Dystopia, but NOT Fiction


I know that a lot of the GuysLitWire target audience is too young to remember the Cold War. The Soviet Union and its East European allies have been gone for twenty years or so. But when I read Stasiland: True Stories from Behind the Berlin Wall, I knew I had to tell you about it. In the mid-1990s, soon after East Germany had abandoned the dictatorship, Australian journalist Anna Funder went there to talk with people about life under that regime.

"The Stasi was the internal army by which the government kept control. Its job was to know everything about everyone, using any means it chose. It knew who your visitors were, it knew whom you telephoned, and it knew if your wife slept around. It was a bureaucracy metastasised through East German society: overt or covert, there was someone reporting to the Stasi on their fellows and friends in every school, every factory, every apartment block, every pub. Obsessed with detail, the Stasi entirely failed to predict the end of Communism, and with it the end of the country. Between 1989 and 1990 it was turned inside out: Stalinist spy unit one day, museum the next. In its forty years, 'the Firm' generated the equivalent of all records in German history since the middle ages. Laid out upright and end to end, the files the Stasi kept on their countrymen and women would form a line 180 kilometers long." (That's almost 112 miles.) I couldn't help thinking about George Orwell's 1984 as I read Stasiland. Orwell got a lot of it right! Herr Bock, who had taught Stasi agents how to recruit informers, told the author, 'You know... It is not widely known that in the end, 65 per cent of the church leaders were informers for us, and the rest of them were under surveillance anyhow.'

Ms. Funder writes, "I once saw a note on a Stasi file from early 1989 that I would never forget. In it a young lieutenant alerted his superiors to the fact that there were so many informers in church opposition groups at demonstrations that they were making these groups appear stronger than they really were. In one of the most beautiful ironies that I have ever seen, he dutifully noted that it appeared that, by having swelled the ranks of the opposition, the Stasi was giving the people heart to keep demonstrating against them."

She asked Herr Bock about those being investigated, "How did you know they were enemies?"

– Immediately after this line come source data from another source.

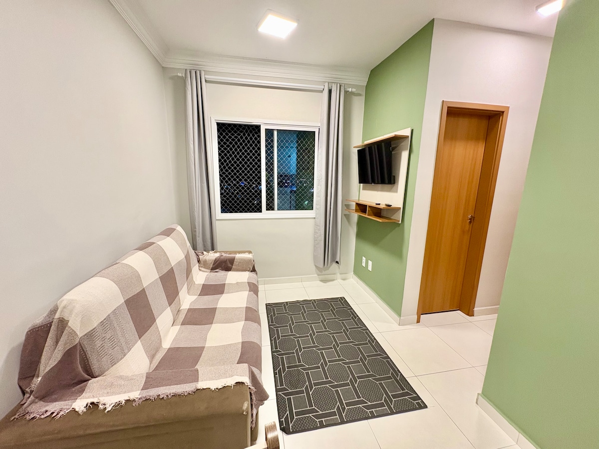 Se encuentra en el centro de São José dos Campos, junto a la CTA, el centro comercial Vale y el fácil acceso a Dutra. El departamento cuenta con: - Cocina integrada con sala de estar. - Habitación doble con cama tamaño queen, aire acondicionado y armario. - Habitación individual con cama individual y ventilador; - Sala de estar con sofá cama. El edificio tiene una piscina y un gimnasio que pueden utilizar los huéspedes y también tiene servicio de limpieza diario en el apartamento.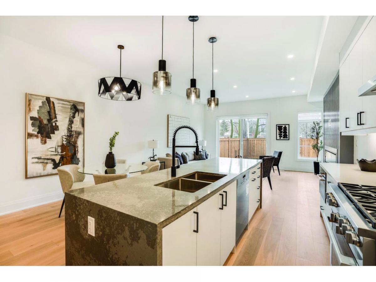 Welcome to this exquisite newly constructed semi-detached residence nestled in the prestigious Port Credit community, steps from picturesque waterfront trails, parks and a plethora of amenities including well-established public and private schools. The modern interior boasts refined craftsmanship with 10ft ceilings, gleaming hardwood floors, expansive windows and LED pot lights throughout. At the heart of this home is where you will locate the gourmet kitchen with panoramic views of the living and dining spaces that is designed with a large centre island, stone countertops, Miele stainless steel appliances and ample cabinetry space. The lovely living room with an electric linear fireplace seamlessly transitions to the great size backyard creating an indoor/outdoor entertainment space for guests. Above is where you will locate 4 spacious bedrooms including a serene primary suite with an elegant 4-piece ensuite and walk-in closet for your most prized possessions. The balance of the bedrooms boast their own charming details with ensuites/semi-ensuites. The basement completes this home with a guest/nanny suite, a large rec room and the laundry room. This home also comes with the added assurance of Tarion warranty. Don't miss this rare opportunity to own a piece of Port Credit paradise. Close proximity to Port Credit GO Station & QEW ensures seamless access to downtown Toronto. All existing electrical Light fixtures, window blinds, Miele appliances: 36" stainless steel gas range, fridge, dishwasher, built-in black microwave, washer and dryer, all bathroom mirrors.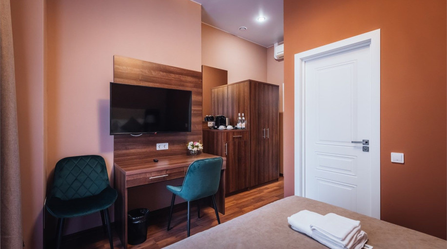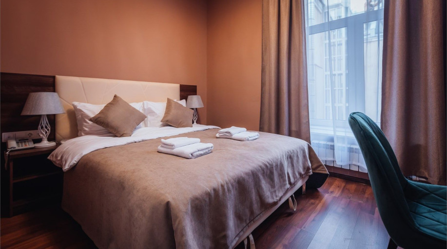 Уютный номер Смарт прекрасно подходит для деловых поездок. Окна номера выходят во внутренний двор здания - архитектурная особенность Санкт-Петербурга. Средняя площадь номера – 16-17 кв. м., вид – в тихий внутренний дворик отеля, вместимость - 1-2 человека. Каждый номер оснащен: двуспальной кроватью ..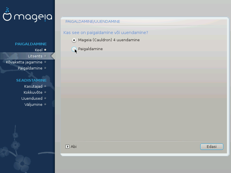 Selle valimisel saab ette võtta Mageia värske paigalduse. Sellega vormindatakse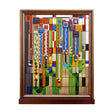 One of Frank Lloyd Wright’s most beloved designs, Saguaro Forms is beautifully reimagined in this vibrant glass panel. Inspired by the towering desert cactus, the composition blends bold geometry with rich color to capture Wright’s vision of nature expressed through structure. Painted with transparent enamels and kiln fired for lasting brilliance, the glass glows with light and depth from every angle. Framed in wood with a matching stand for desk or table display, and complete with hanging hardware, this striking piece brings warmth, artistry, and a touch of architectural history into any space.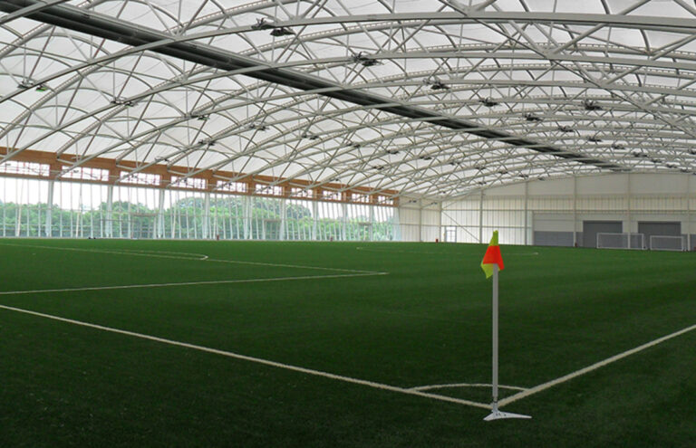 The steel erection was a complex procedure as the design comprised 80m wide spans of large column free space. A series of large 4.5m deep trusses have been erected. The roof of the indoor pitch, supported by the trusses, has been constructed from a PVC material which is held in place by more than 10,000 brackets, welded to the truss sections by Tubecon. The fabric roof disguises the amount of detailed work that has been necessary to achieve the overall look.

"'Well,' he says in his soft voice, 'once an investigation was started into someone, that meant there was suspicion of enemy activity.' This was perfect dictator-logic: we investigate you, therefore you are an enemy. 'We searched for enemies in all the areas I mentioned: in the factories, in the state apparatus, the church, the schools and so on. In fact,' he says, 'as time went on there was more and more work to do because the definition of enemy became wider and wider.'"

Funder also relates the story "of a factory worker who, after she was approached to inform, announced loudly the next day at the canteen table, 'Guess what! You wouldn't credit it, but They think me so reliable that I've been asked to inform!' Her cover blown, she was useless and she was left alone."

Many people tell their stories in this wonderful, important book. If you liked 1984, or if you wonder what the Iron Curtain was all about, do yourself a favor and check it out!